I texted good to Ash and since I wasn't hungry, I just turned on music super loud. No one to hear me, no one to stop me. Freedom is good. I was facing away from the glass wall, but  something prickled in the back of my neck. Like I was being watched. I turned around fast enough to see someone move to the cover of foliage the trees and bushes around my house offered. I closed the metal shutters and made a phone call I had been delaying for a while.

****************************

2 Days later**********

It's happening again. This feeling of being followed, of being chased. But I had no way of being sure... Until the results of the phone call I did got back to me.

I got home fast, and closed myself in the meditaton room. I know I'm a rocker, but, sometimes, something else is needed. I put on traditional chinese music, with bamboo flutes, and meditated deeply, finding myself reminding myself that I'm not there anymore. That all these dreams meant nothing.

It takes time, a lot of time. Because no matter what I want to believe, many parts of me have been lost, stuck in the past. I have to get them back. Each little bit by each little bit, and it's hard. It hurts. It means facing again the memories, the encounters and pain I suffered there. There are times I just want to give up, to die. Because no matter how hard I try I feel like I never get myself back. And I dont have who to ask if I make progress or not. Because all the people in my old town are against me. They are the ones who saw me grow and saw my destruction, without ever being moved by it. They are the ones who should have helped me, and could help me now, but they never did, and I wont ask now.

What pathetic thing I am... Still depending on others when the real problem is in myself.

I went to bed with these thoughts, I spent hours in the room and didnt eat anything all day.

I had the same nightmare, with Tuck and my father.
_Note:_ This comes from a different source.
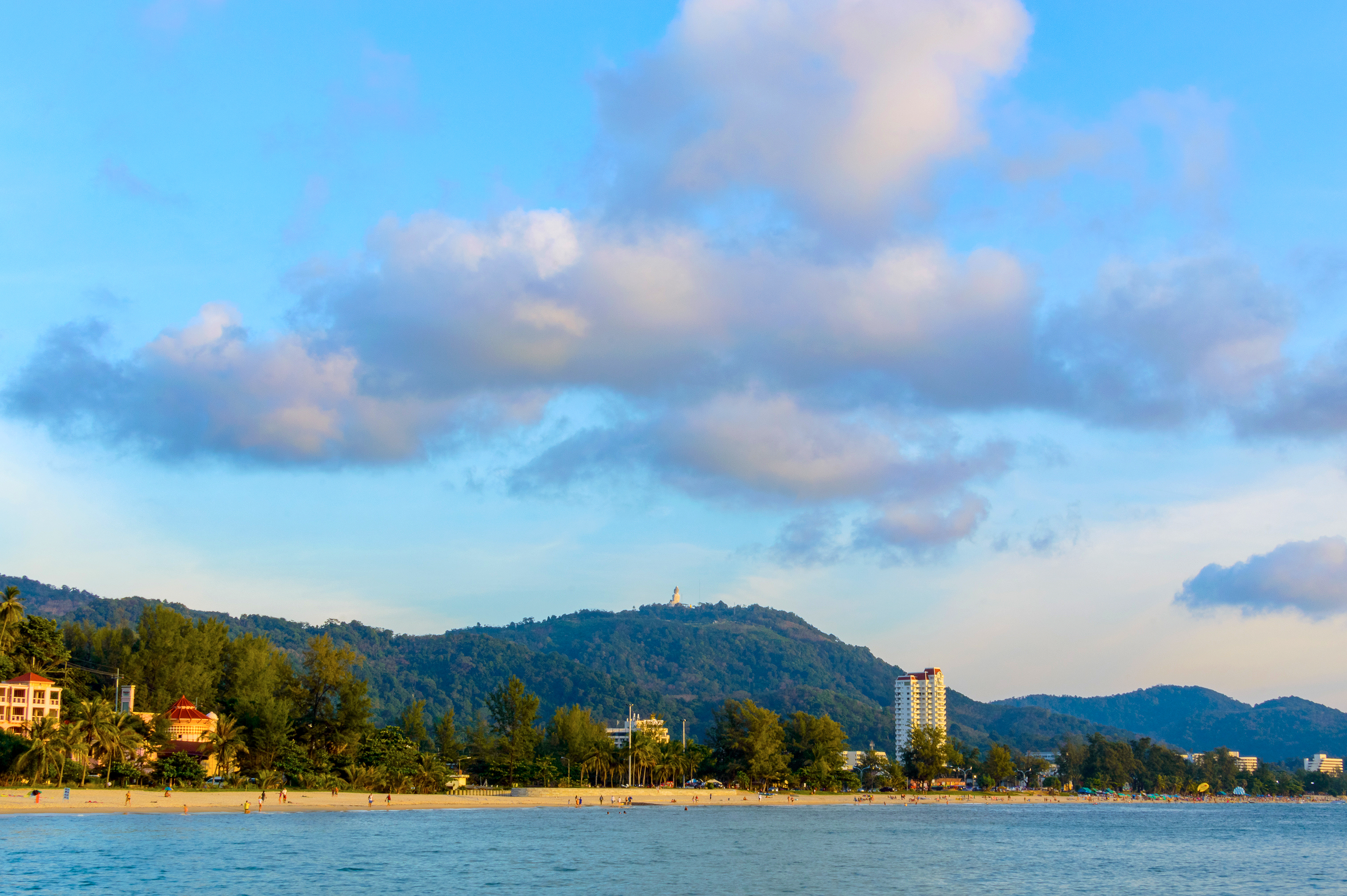 This breathtaking coastal landscape captures a tranquil moment where the calm sea meets lush green hills under a vast blue sky dotted with soft, fluffy clouds. The scene unfolds from a high-angle perspective, revealing a harmonious blend of natural beauty and subtle urban elements. Distant buildings peek through the treeline, suggesting a resort town or coastal village nestled between nature and civilization. The golden hour sunlight casts gentle warmth over the entire panorama, enhancing the vividness of the greenery and the serene blue waters. This image perfectly encapsulates the peaceful essence of tropical seaside destinations during late afternoon, inviting viewers to imagine themselves walking along the shoreline or simply admiring this picturesque vista from a quiet vantage point.

Why these were hunting me I dont know.

I was walking down the streets with Ash, Lisa and Drake when my whole body froze, unable to move.

I didnt see what made my body freeze. A memory? A face? Then I looked more closely, and even my  mind blanked in fear.

2 seconds later, I was released from it. I turned, and ran. Far away. To the house, to the attic, to the whole in the wall I found a few days earlier.

In my mind, I was reliving it all over agan. The abuse I suffered. I was trapped in my own labyrinth with no way of going out. I dimly heard voices, calling my name, searching for me, but I couldn't answer. If I answered, he'd find me. He'd kill me. He'd rape me.

I couldn't let him find me.

I couldnt let my father's best friend find me. I couldn't let Tuck find me. But what if..... He already had?